January 14, 2022

Things Creators must Consider About NFTs

by Sebastian Calderon
NFTs Creators

Knowing how much some NFTs sell for, it’s no surprise everyone wants to get out there and start selling their artwork. People are even searching the keyword NFT more than they are searching Ethereum.

However, there are a couple of things all creators must know before dabbling in the NFT world. As with any type of business or investment, NFTs come with their own restrictions, rules, and loopholes that creators should be aware of before jumping ship. And that’s not even starting on taxes and intellectual property rights!

Let’s find out what creators must consider about NFTs:

Become part of the NFT community

First things first, how does a creator stand out from the NFT crowd?

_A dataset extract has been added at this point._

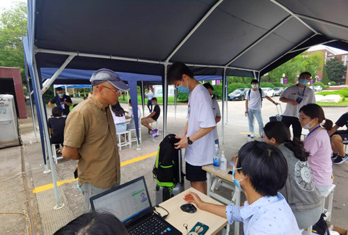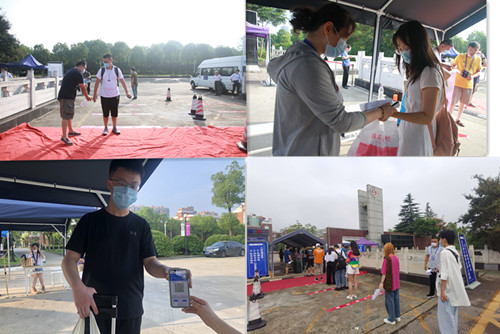 返校当天,各相关单位工作人员一大早就陆续到岗就位,开始做好学生返校各项工作。学生们拉着行李箱,戴着口罩,在校门口接受严格测温、核验进校码、扫描健康码、递交返校承诺书等流程之后进入校园,工作人员耐心细致,现场井然有序,各项工作有条不紊地开展。
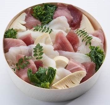 春の旬の魚(真鯛、さより、小鯛の笹漬け)に、おすすめ本マグロが入った季節限定のちらし鮨です。

Building a community within the NFT world is one of the most important first steps to make a name for yourself out there in the digital world.

To do so, join NFT Discord groups, subreddits such as r/nft and participate in Twitter giveaways. Maybe host one yourself with your own NFTs to promote yourself as a creator. 

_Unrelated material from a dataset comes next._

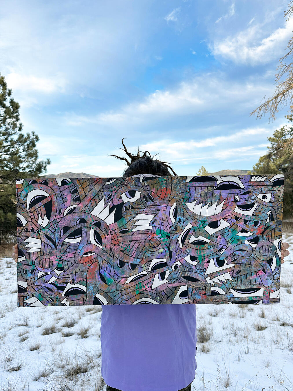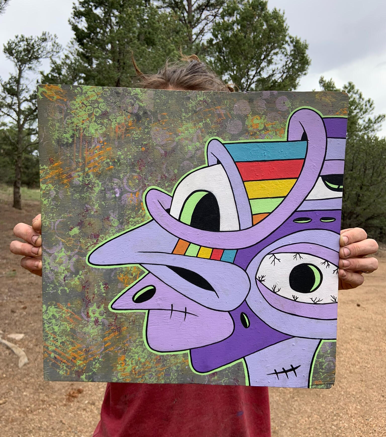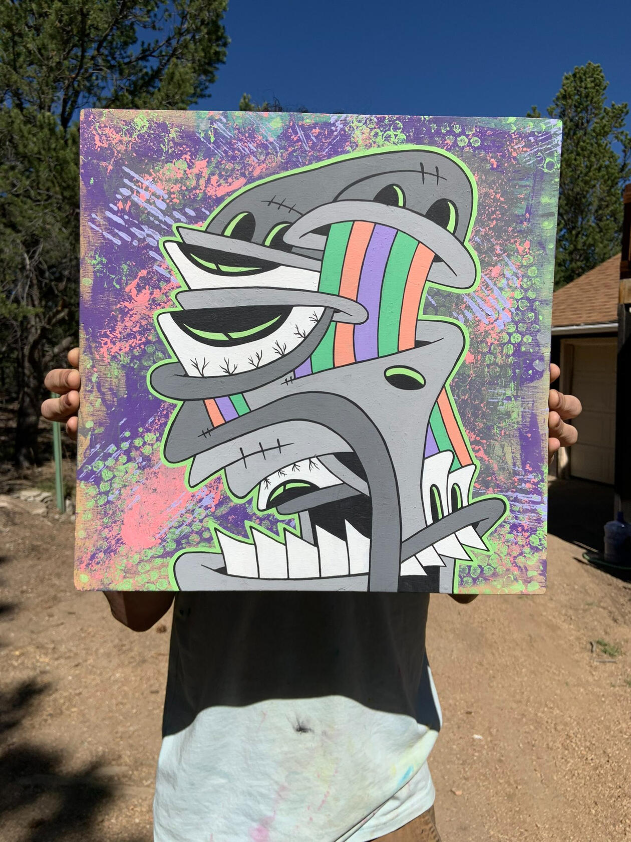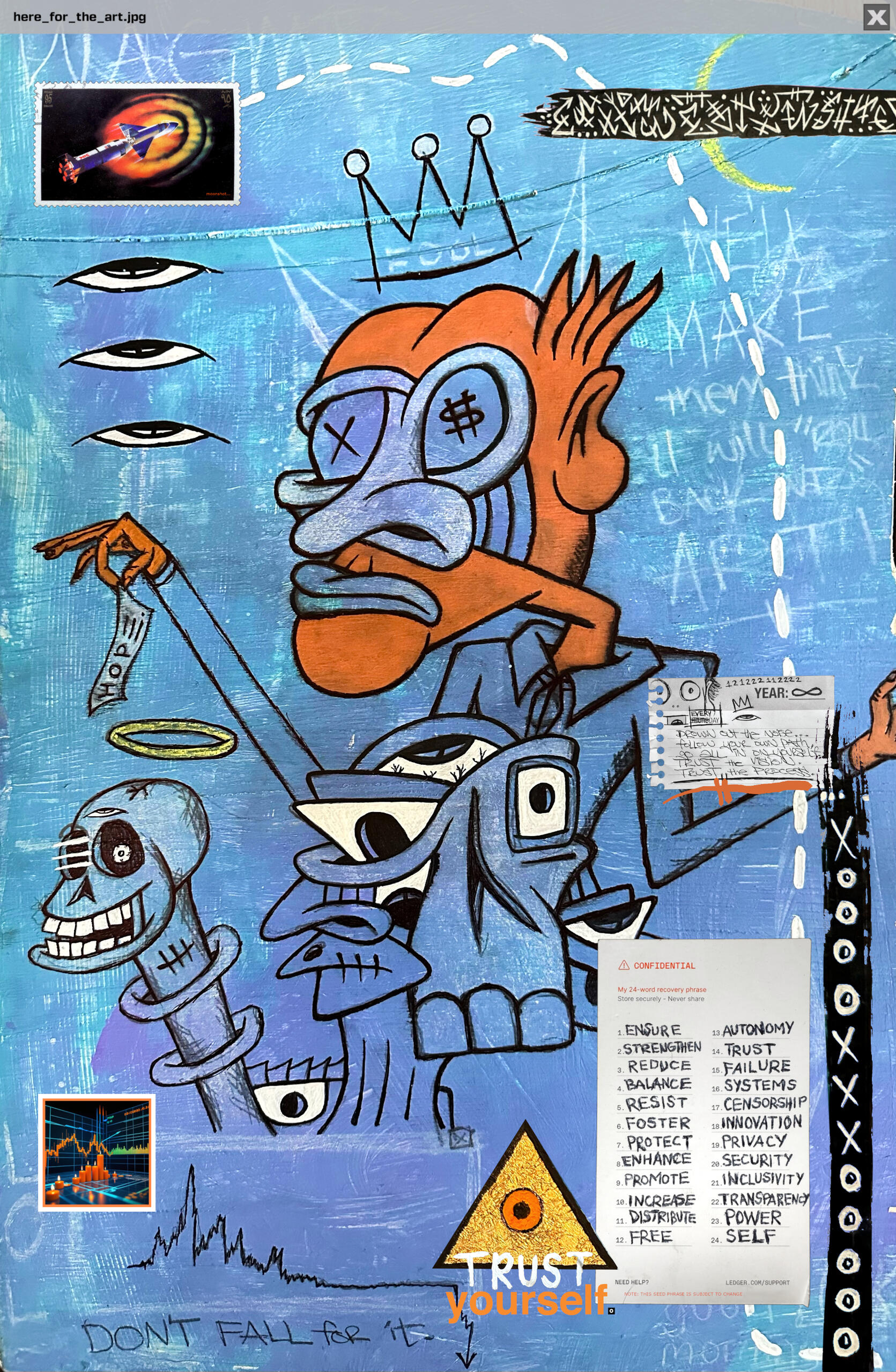 Manic Mondaze was the first acrylic painting that I minted on the blockchain. Painting has always been an outlet for me to express myself & my feelings/emotions.At the time I had been mainly focusing on digital illustrations & was missing the peace that comes with painting. This piece is the beginning of a shift towards primarily making acrylic paintings.acrylic on wood panel ~ 16.25” x 16.25”minted 5/9/22collector of token can claim physical painting. physical painting shows process video via AR

Make sure you know what you can offer to stand out. Following crowds will only make your NFT blend in. On top of that, NFTs will not be an overnight success. As with real-life painters, it might take months or years for artwork to catch on. Establishing relationships will be important in the long-term as a digital artist.

Creators should have IP rights

Creators and sellers of NFTs must have the intellectual property rights of the artwork to sell it to you, lest they infringe the law. Since the seller of an NFT isn’t a physical person and rather an ETH address, it’s difficult to tell if they are who they claim to be. 

Beware of gas fees

Understanding the gas fee is crucial to understanding how NFTs work. It’s not uncommon for a buyer to go on OpenSea seeking to purchase some art for $30 and end up paying $200 in total because of the gas fees. While Ethereum is moving away from the mining model with time, this still applies and uses a lot of energy. Since the network is so congested, gas fees rise up. The more bids an NFT receives, the more energy it requires. It requires so much energy that one NFT sale could potentially heat up several swimming pools for a long time. This is because smart contract transactions are more expensive than a bank transfer, involve computer resources, storage and will consume energy to be done. 

NFTs are URLs

Many NFT creators aren’t aware that most NFTs are URLs that host pieces of data that allow the owner to interact with the digital asset. NFTs grant you access to the URL and the right to interact with it, but not the right to the artwork. 

Counterfeit NFTs exist, and while the Blockchain makes it impossible for an NFT to be duplicated, let’s remember that the content associated with the URL you’re purchasing could infringe intellectual property rights violations.

NFTs don’t last forever. While being digital assets spares them of physical degradation, NFTs are dependent on the maintenance of their blockchain and also the marketplace where it is hosted. At least Ethereum claims that their website never goes down, so you can count on them being available there.

NFTs might have royalties

Finally, NFTs can and most likely will have a royalty percentage. This means is that if you purchase the NFT and sell it, the creator will receive a percentage of that sale, including that of future sellers. This allows creators to compensate for their artwork being resold, but some might set the percentage to a number so high that you won’t be really making any profit from selling it. Some creators even sell these royalty NFT pieces to unsuspecting buyers, essentially robbing them of the possibility of actually making a profit, due to how the fees would most likely eat away at the remaining income.

As a creator, you can use royalties to your advantage, but don’t be a scammer and damage your reputation.

Getting into the NFT business can be a very risky adventure if you don’t know how to navigate the waters of digital fungible tokens. Understand intellectual rights properties, marketplace fees, and taxes to get the basics out of the way.